IBM confirme qu’il est bien l’un des leaders mondiaux de la technologie de la blockchain. Après avoir conclu un accord avec le groupe Maersk, spécialisé dans le transport maritime, pour développer une système de suivi des expéditions de conteneurs, le géant de l’informatique vient de s’allier à l’assureur American International Group (AIG). Dans les deux cas les solutions mises en place s’appuieront sur la technologie de la chaîne de bloc.

Les contrats d’assurance internationaux, un casse-tête législatif

Figurant parmi les leaders mondiaux du secteur de l’assurance, AIG souhaite optimiser la gestion internationale de ses contrats d’assurance. Or, dans ce domaine, cette gestion est particulièrement fastidieuse car chaque pays possède ses normes, ses réglementations, ses moyens de paiement et de remboursement : cela créé un nombre de variables qui rend les dossiers complexes à traiter et multiplie les documents administratifs liés à chaque contrat.

L’utilisation de la blockchain permet de centraliser les échanges d’information entre la maison-mère d’une entreprise, dans ce cas AIG, ses filiales et ses assurés. Elle permet aussi d’y avoir constamment accès, avec une rapidité accrue, dans une base de données infalsifiables. Elle représente donc à la fois un gain de temps, d’argent et de sécurité.

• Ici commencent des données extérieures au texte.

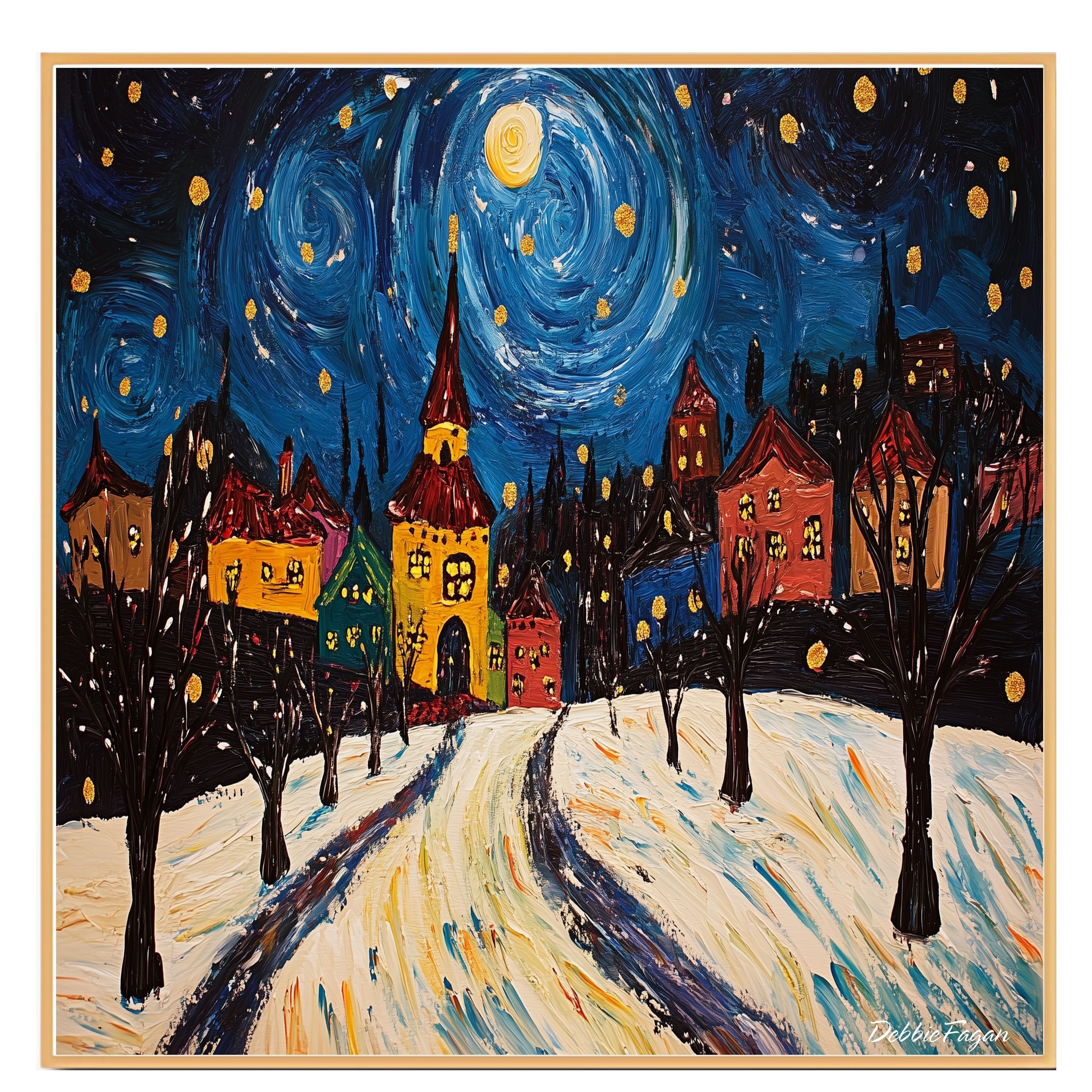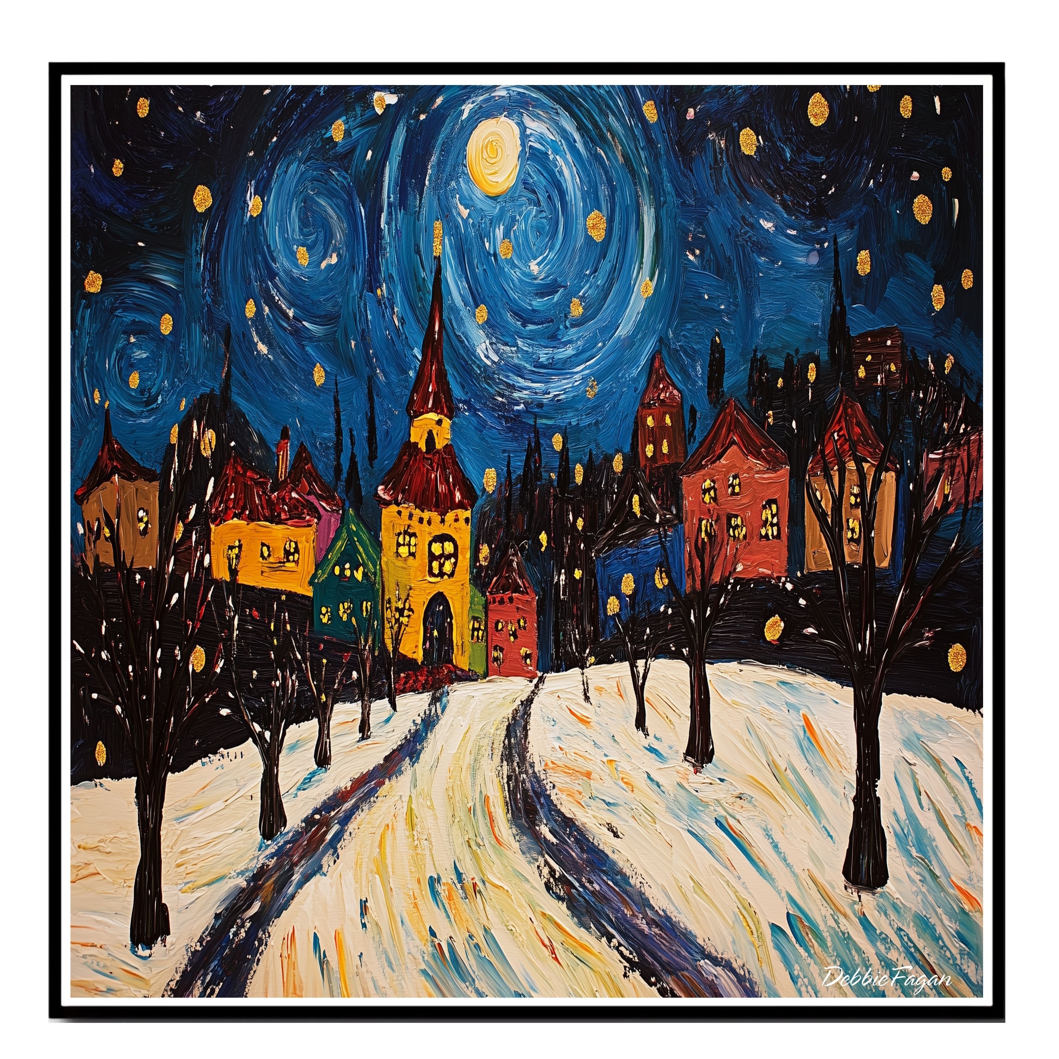 A magical winter village painted in the swirling, star-filled style of Van Gogh, with colorful buildings glowing...

Un projet pilote mis en place pour tester ce partenariat

Avant de signer cet accord d’envergure, IBM et AIG s’étaient déjà associé dans un projet pilote de contrat intelligent pour la banque Standard Chartered. S’appuyant sur la blockchain, ce projet permettait de gérer les échanges d’information entre le Royaume-Uni, où est émis le contrat principal, et trois filiales installées aux quatre coins du globe, aux Etats-Unis, à Singapour et au Kenya.

Devant la réussite de ce pilote et les gains engendrés, les deux partenaires ont décidé d’appliquer cette technologie à bien plus grande échelle.